BRIEF – Below are some records. Write out exactly their lines from the one with "I am in love" through the one with "카드 하나로 뚝딱! 이사 후 소비쿠폰 활용 시 체크리스트 📝", and leave the pictures behind.

*** RECORDS SHOWN ***

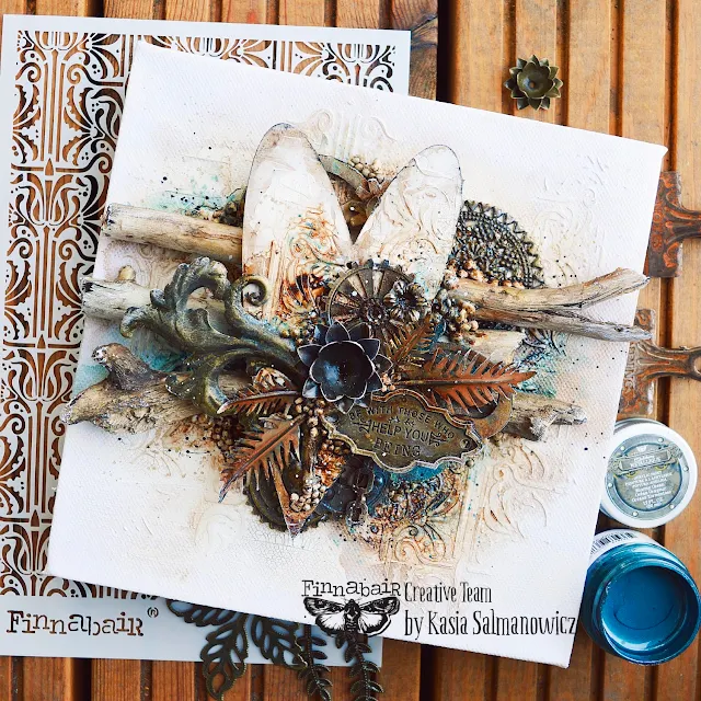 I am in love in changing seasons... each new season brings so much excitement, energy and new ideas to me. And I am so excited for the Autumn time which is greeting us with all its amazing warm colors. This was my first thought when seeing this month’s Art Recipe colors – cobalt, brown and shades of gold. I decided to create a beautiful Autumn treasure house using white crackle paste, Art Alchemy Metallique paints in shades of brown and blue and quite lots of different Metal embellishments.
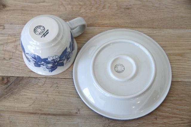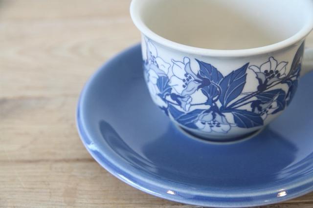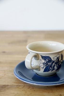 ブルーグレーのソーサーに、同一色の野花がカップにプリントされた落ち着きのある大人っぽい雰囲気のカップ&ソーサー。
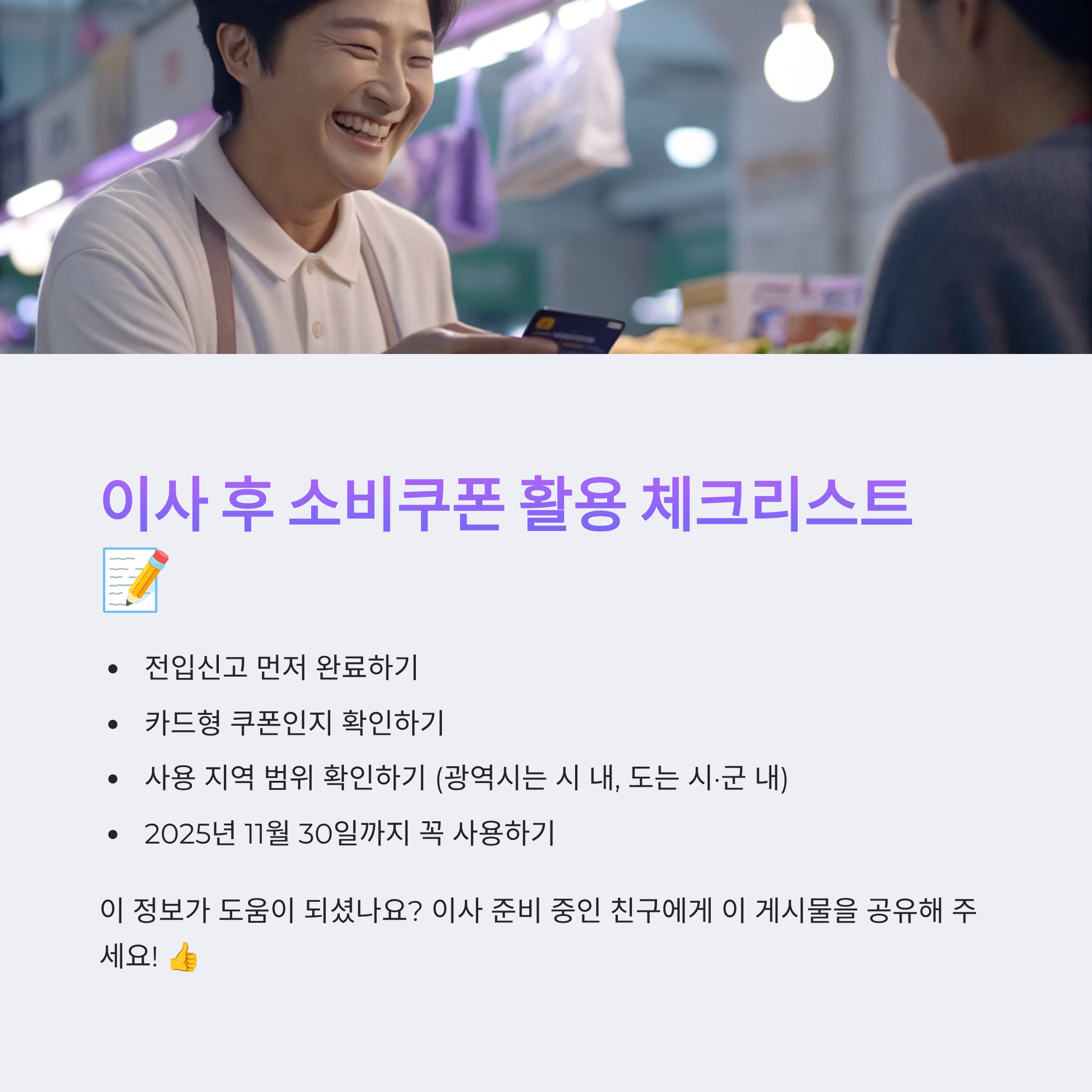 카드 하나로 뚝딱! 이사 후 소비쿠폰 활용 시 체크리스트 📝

*** End of RECORDS SHOWN ***
*** RECORDS SHOWN ***

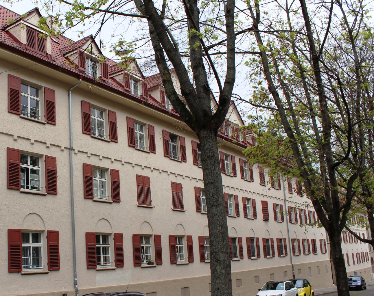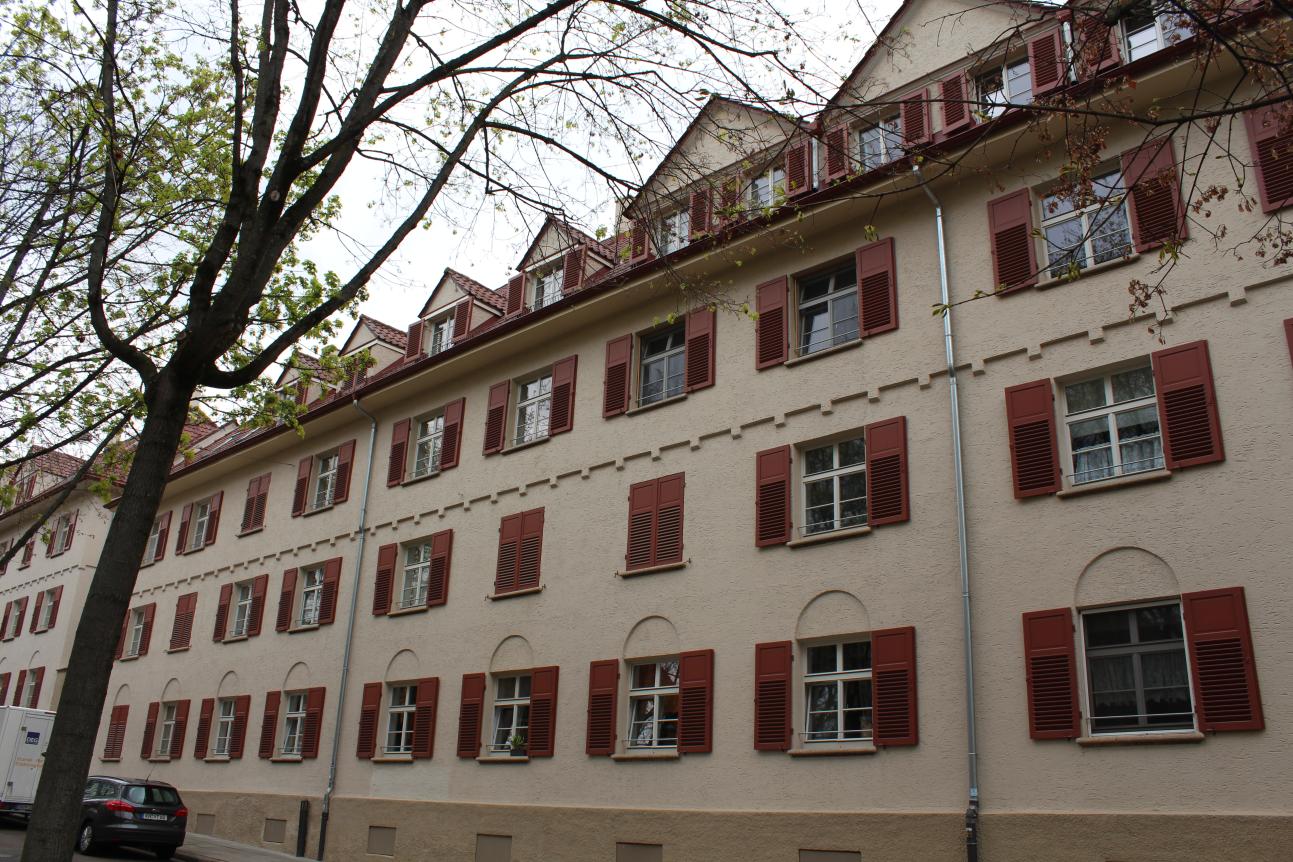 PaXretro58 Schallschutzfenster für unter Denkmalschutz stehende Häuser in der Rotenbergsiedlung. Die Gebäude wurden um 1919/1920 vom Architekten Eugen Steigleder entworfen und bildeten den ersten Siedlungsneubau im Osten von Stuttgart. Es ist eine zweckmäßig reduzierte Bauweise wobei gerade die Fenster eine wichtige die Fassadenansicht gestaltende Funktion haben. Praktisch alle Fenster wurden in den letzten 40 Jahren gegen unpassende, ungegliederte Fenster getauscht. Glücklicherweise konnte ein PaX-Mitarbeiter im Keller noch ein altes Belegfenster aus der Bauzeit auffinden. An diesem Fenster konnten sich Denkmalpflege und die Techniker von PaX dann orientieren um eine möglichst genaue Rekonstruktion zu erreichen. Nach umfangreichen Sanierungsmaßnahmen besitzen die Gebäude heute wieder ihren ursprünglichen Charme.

*** End of RECORDS SHOWN ***
*** RECORDS SHOWN ***

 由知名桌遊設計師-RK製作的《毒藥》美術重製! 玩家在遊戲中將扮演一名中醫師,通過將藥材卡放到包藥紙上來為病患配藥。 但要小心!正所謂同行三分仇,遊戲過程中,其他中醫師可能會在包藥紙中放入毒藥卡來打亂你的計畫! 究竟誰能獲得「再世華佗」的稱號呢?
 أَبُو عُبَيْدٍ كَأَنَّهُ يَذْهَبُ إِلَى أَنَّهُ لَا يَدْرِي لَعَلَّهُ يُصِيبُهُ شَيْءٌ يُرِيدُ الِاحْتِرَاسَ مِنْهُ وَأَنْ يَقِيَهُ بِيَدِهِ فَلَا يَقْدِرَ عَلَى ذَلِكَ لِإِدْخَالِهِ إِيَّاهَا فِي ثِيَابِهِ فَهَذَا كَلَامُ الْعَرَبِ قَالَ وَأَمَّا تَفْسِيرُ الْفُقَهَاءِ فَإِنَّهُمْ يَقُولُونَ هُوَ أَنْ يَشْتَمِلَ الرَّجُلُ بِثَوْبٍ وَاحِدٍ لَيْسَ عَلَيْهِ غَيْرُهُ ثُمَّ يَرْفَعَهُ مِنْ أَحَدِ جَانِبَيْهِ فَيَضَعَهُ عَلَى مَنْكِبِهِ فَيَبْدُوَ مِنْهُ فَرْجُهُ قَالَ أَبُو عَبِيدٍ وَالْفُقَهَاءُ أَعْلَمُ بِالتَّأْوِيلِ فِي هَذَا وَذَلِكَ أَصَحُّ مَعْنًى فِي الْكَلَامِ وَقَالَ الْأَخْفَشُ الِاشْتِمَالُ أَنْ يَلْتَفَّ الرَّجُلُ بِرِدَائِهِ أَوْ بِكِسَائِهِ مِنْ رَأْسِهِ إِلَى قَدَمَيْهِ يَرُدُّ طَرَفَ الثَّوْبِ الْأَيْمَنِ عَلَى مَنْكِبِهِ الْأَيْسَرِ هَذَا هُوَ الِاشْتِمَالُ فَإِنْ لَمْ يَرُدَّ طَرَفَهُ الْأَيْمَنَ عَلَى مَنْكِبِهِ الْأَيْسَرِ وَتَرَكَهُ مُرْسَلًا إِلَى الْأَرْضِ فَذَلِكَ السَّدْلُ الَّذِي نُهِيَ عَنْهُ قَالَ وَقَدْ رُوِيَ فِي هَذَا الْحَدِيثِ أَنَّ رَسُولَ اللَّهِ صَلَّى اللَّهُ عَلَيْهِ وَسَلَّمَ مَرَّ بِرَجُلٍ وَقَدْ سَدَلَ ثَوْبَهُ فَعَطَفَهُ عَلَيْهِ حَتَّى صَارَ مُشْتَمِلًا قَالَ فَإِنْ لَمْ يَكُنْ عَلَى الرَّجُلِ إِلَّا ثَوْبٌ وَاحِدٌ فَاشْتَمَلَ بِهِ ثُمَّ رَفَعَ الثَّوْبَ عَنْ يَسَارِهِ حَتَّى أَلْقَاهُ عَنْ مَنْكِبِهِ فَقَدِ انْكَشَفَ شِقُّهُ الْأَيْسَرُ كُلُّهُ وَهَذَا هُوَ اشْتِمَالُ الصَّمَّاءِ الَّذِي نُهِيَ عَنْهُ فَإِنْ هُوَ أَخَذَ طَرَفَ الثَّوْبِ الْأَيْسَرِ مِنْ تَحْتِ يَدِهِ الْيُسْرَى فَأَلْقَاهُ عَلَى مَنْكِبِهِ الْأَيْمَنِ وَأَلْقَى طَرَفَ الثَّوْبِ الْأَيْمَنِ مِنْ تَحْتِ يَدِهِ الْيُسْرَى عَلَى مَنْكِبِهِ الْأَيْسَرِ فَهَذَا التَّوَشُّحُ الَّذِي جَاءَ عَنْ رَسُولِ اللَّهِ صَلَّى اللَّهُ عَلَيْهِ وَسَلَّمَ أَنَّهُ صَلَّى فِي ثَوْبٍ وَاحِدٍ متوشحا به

*** End of RECORDS SHOWN ***

RESPONSE AREA –
 I am in love in changing seasons... each new season brings so much excitement, energy and new ideas to me. And I am so excited for the Autumn time which is greeting us with all its amazing warm colors. This was my first thought when seeing this month’s Art Recipe colors – cobalt, brown and shades of gold. I decided to create a beautiful Autumn treasure house using white crackle paste, Art Alchemy Metallique paints in shades of brown and blue and quite lots of different Metal embellishments.
 ブルーグレーのソーサーに、同一色の野花がカップにプリントされた落ち着きのある大人っぽい雰囲気のカップ&ソーサー。
 카드 하나로 뚝딱! 이사 후 소비쿠폰 활용 시 체크리스트 📝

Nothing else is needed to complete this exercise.